WHAT IS NEEDED - Repeat the data in full and exactly. Leave the pictures out.

GIVEN MATERIAL -
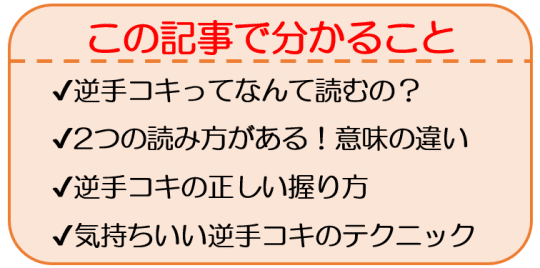 調べて分かったのですが、正確には「ぎゃくてこき」と読みます。そして逆手コキの本当の意味を知る人は、少ないと感じました。
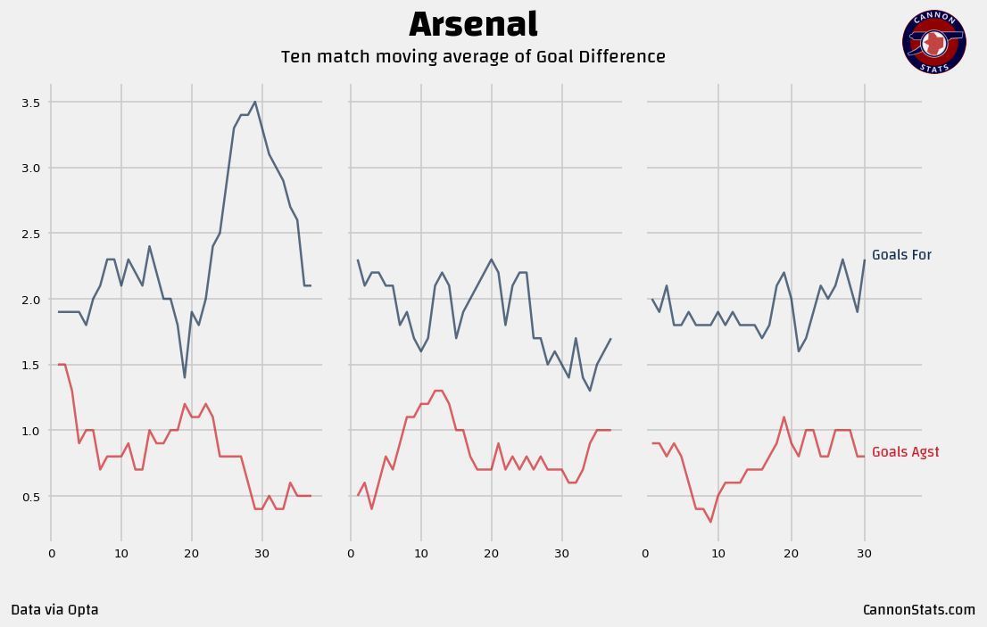 阿森纳本赛季近10场比赛的进球数和预期进球数移动平均值。阿森纳本赛季表现极其稳定
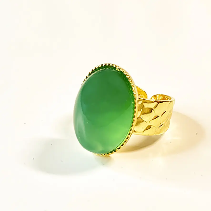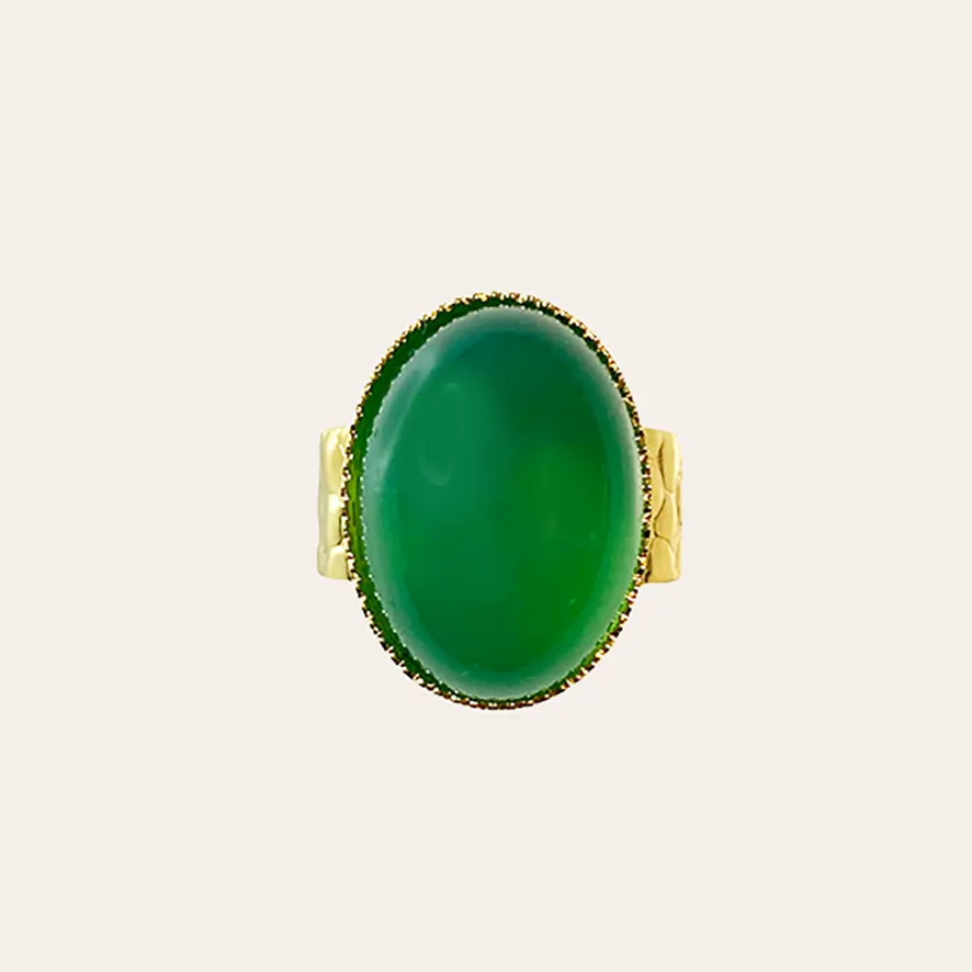 Bague en laiton doré à l’or fin avec un cabochon en pierre naturelle d’onyx d’une magnifique couleur verte.

FINAL ANSWER -
 調べて分かったのですが、正確には「ぎゃくてこき」と読みます。そして逆手コキの本当の意味を知る人は、少ないと感じました。
 阿森纳本赛季近10场比赛的进球数和预期进球数移动平均值。阿森纳本赛季表现极其稳定
 Bague en laiton doré à l’or fin avec un cabochon en pierre naturelle d’onyx d’une magnifique couleur verte.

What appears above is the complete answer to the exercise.